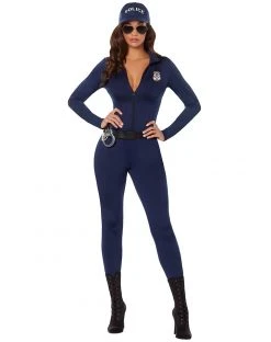 Lay down the law on Halloween night with this police officer catsuit costume! Coming complete with a hat, a belt, and a badge, you’ll be the most official officer in the room. Keep everyone in line while you sport this stylish look.
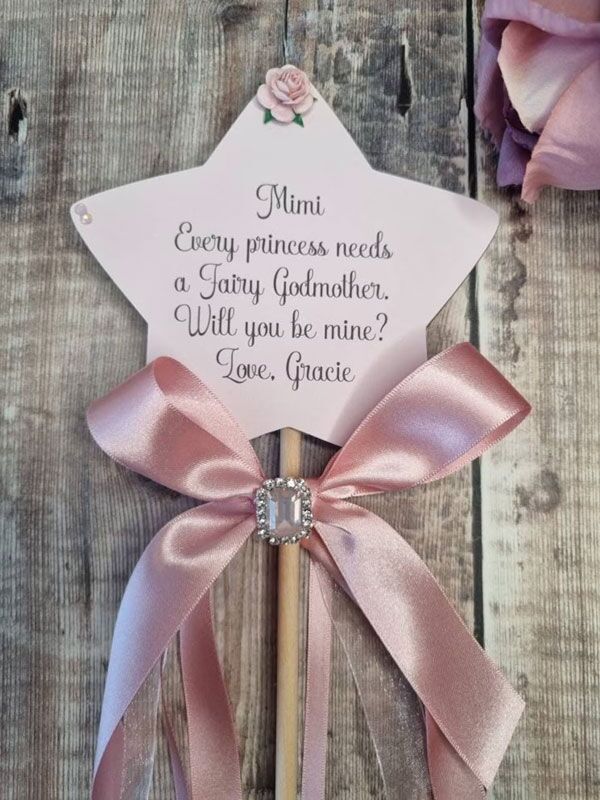 - PERSONALIZZATA: la bacchetta magica può essere personalizzata con una dedica personale su un supporto a forma di stella in legno, decorata con un elegante nastro in raso rosa.
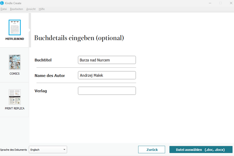 W Kindle Create nie ma języka polskiego.
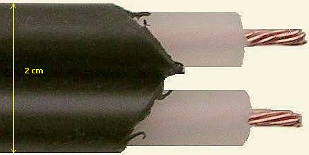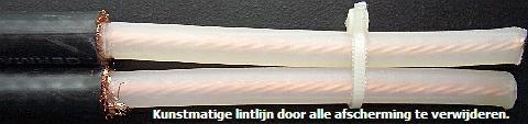Volgens de fabrikant kan de kabel (fig») net zo aangelegd worden als coaxkabel. Dat is voor zendamateurs in een flat of appartement een mogelijkheid om hun antenne met een symmetrische lijn te voeden. Een stuk van deze "lintlijn" is door mij voor de foto ontdaan van isolatie en u kunt zien dat het lijkt op coaxkabel zonder afscherming. Op aandringen van een collega zendamateur schijnt de firma RYS een beperkte voorraad in Duitsland besteld te hebben.
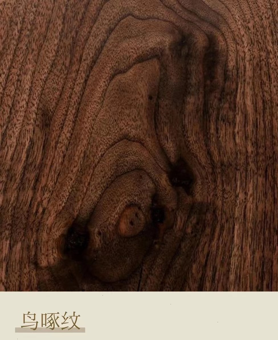 鸟啄纹:树木在漫长的生长过程中,不可避免的会受到各种环境因素影响,鸟啄纹便是由鸟啄或人为引起的纹理,通常也称为“活节”,与周围木质紧密连接,因此稳定性大可放心。
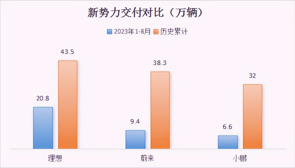 小鹏汽车今年8月交付1.37万辆,前8月销量6.6万辆,历史总销量大约32万辆。理想汽车8月交付34914辆,前8月总交付量为20.8万辆,是蔚来两倍多。理想在今年销量大幅增加情况下,历史总销量超过43.5万辆,超过蔚来。
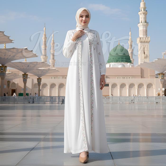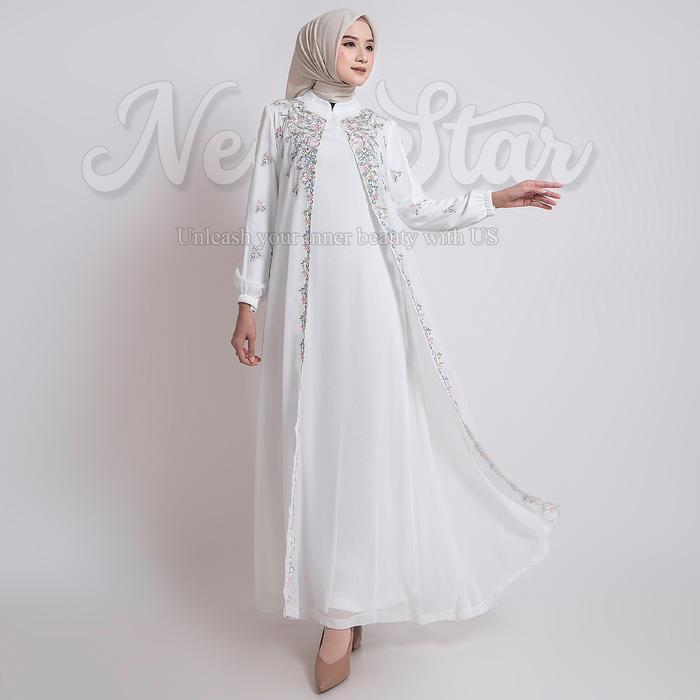 Newstar - Gamis Putih Lebaran 2026 Terbaru Baju Muslim Wanita Dress Madinah Mewah Simple Elegan Abaya Turki Manasik Haji
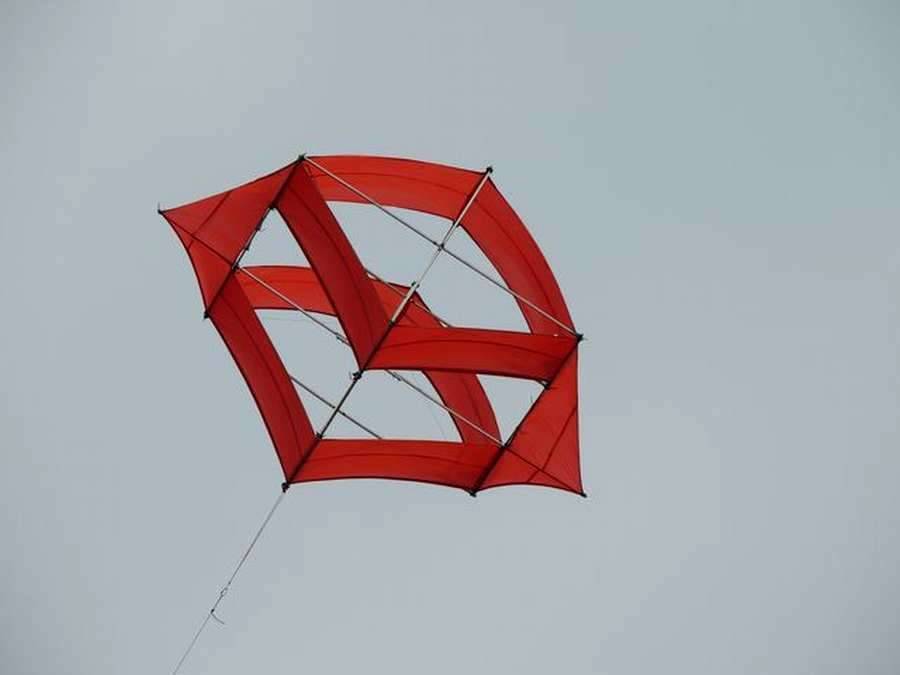 Для самодельного воздушного змея конструкция довольно прочная, но не слишком сложная. Бокс-кайту не нужен хвост — центровка регулируется перемещением точки крепления спасательного жилета по ковру из куска подвесного шнура. По этой причине коробчатый кайт легко транспортировать: При размерах, показанных на фотографии, вы можете поднять, например, цифровую камеру и получить фотографии с высоты птичьего полета при включенном переключателе непрерывной съемки.
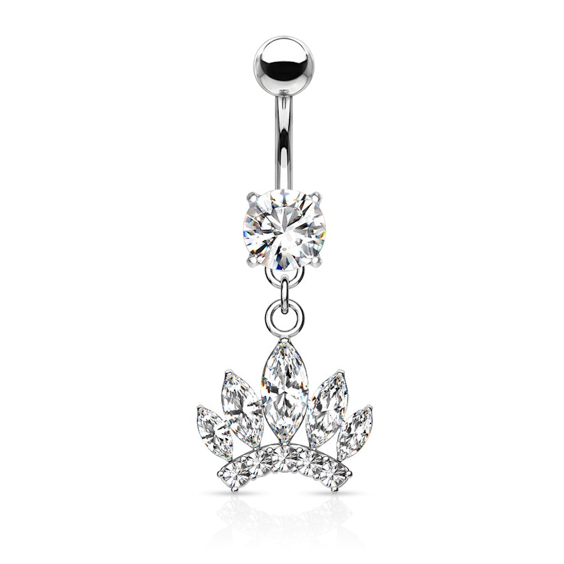 Converta-se numa princesa por um dia ou por todo o tempo que quiser, com esta joia super doce para o piercing do umbigo, que tem uma coroa com brilhantes no seu pendente. Esta coroa feminista é feita de brilhantes: a parte superior da coroa é formada por cinco brilhantes compridos, sendo o do centro o mais largo e os das extremidades mais curtos. Além destes 5 brilhantes, encontrará também uma pequena fita de brilhantes redondos na parte inferior da coroa.
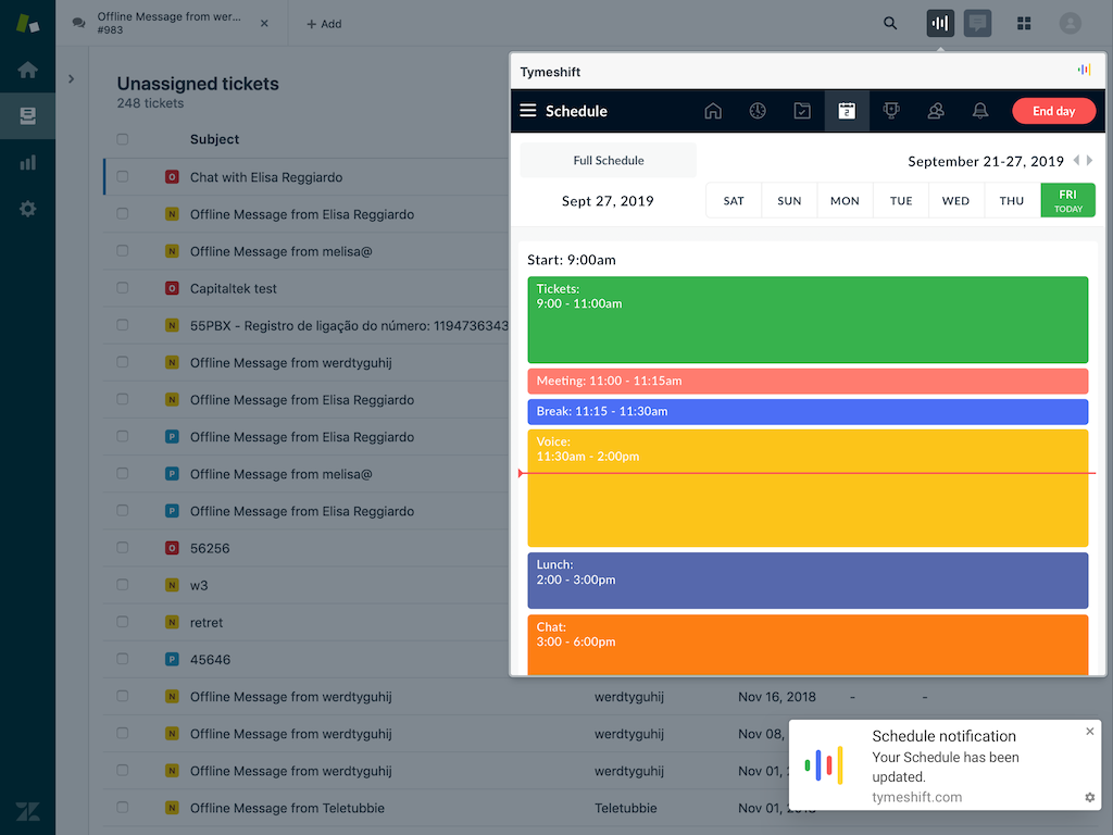 Tymeshift is an omnichannel workforce management (WFM) tool that is made exclusively for Zendesk. With a quick setup and intuitive interface, Tymeshift helps customer support teams transparently manage their workforce to make agents more efficient and managers more engaged.
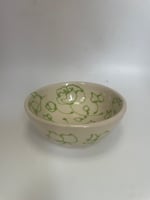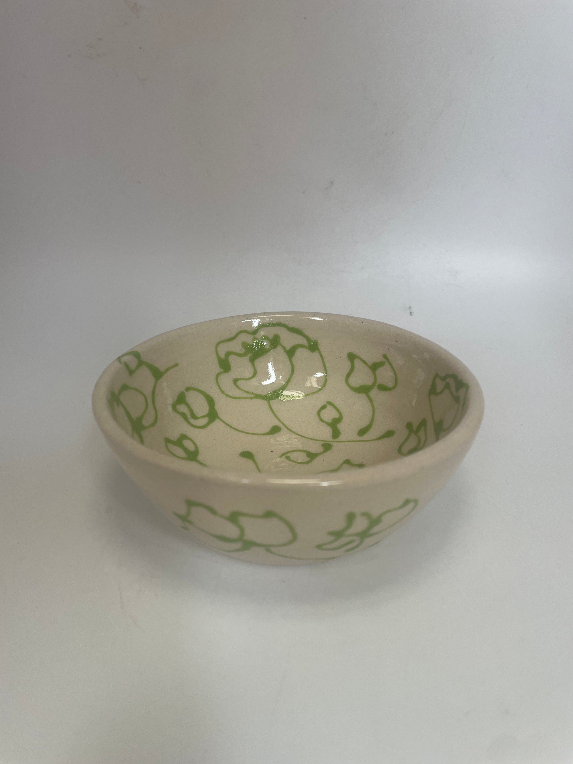 Small wheel thrown dish in an off white stoneware with light green floral design
--------
» Exercise requirements:
Nothing but the lines from the top of the data above through the line containing "Newstar - Gamis" should be output, exactly as written and without the pictures.

» Exercise result:
 Lay down the law on Halloween night with this police officer catsuit costume! Coming complete with a hat, a belt, and a badge, you’ll be the most official officer in the room. Keep everyone in line while you sport this stylish look.
 - PERSONALIZZATA: la bacchetta magica può essere personalizzata con una dedica personale su un supporto a forma di stella in legno, decorata con un elegante nastro in raso rosa.
 W Kindle Create nie ma języka polskiego.
Volgens de fabrikant kan de kabel (fig») net zo aangelegd worden als coaxkabel. Dat is voor zendamateurs in een flat of appartement een mogelijkheid om hun antenne met een symmetrische lijn te voeden. Een stuk van deze "lintlijn" is door mij voor de foto ontdaan van isolatie en u kunt zien dat het lijkt op coaxkabel zonder afscherming. Op aandringen van een collega zendamateur schijnt de firma RYS een beperkte voorraad in Duitsland besteld te hebben.
 鸟啄纹:树木在漫长的生长过程中,不可避免的会受到各种环境因素影响,鸟啄纹便是由鸟啄或人为引起的纹理,通常也称为“活节”,与周围木质紧密连接,因此稳定性大可放心。
 小鹏汽车今年8月交付1.37万辆,前8月销量6.6万辆,历史总销量大约32万辆。理想汽车8月交付34914辆,前8月总交付量为20.8万辆,是蔚来两倍多。理想在今年销量大幅增加情况下,历史总销量超过43.5万辆,超过蔚来。
 Newstar - Gamis Putih Lebaran 2026 Terbaru Baju Muslim Wanita Dress Madinah Mewah Simple Elegan Abaya Turki Manasik Haji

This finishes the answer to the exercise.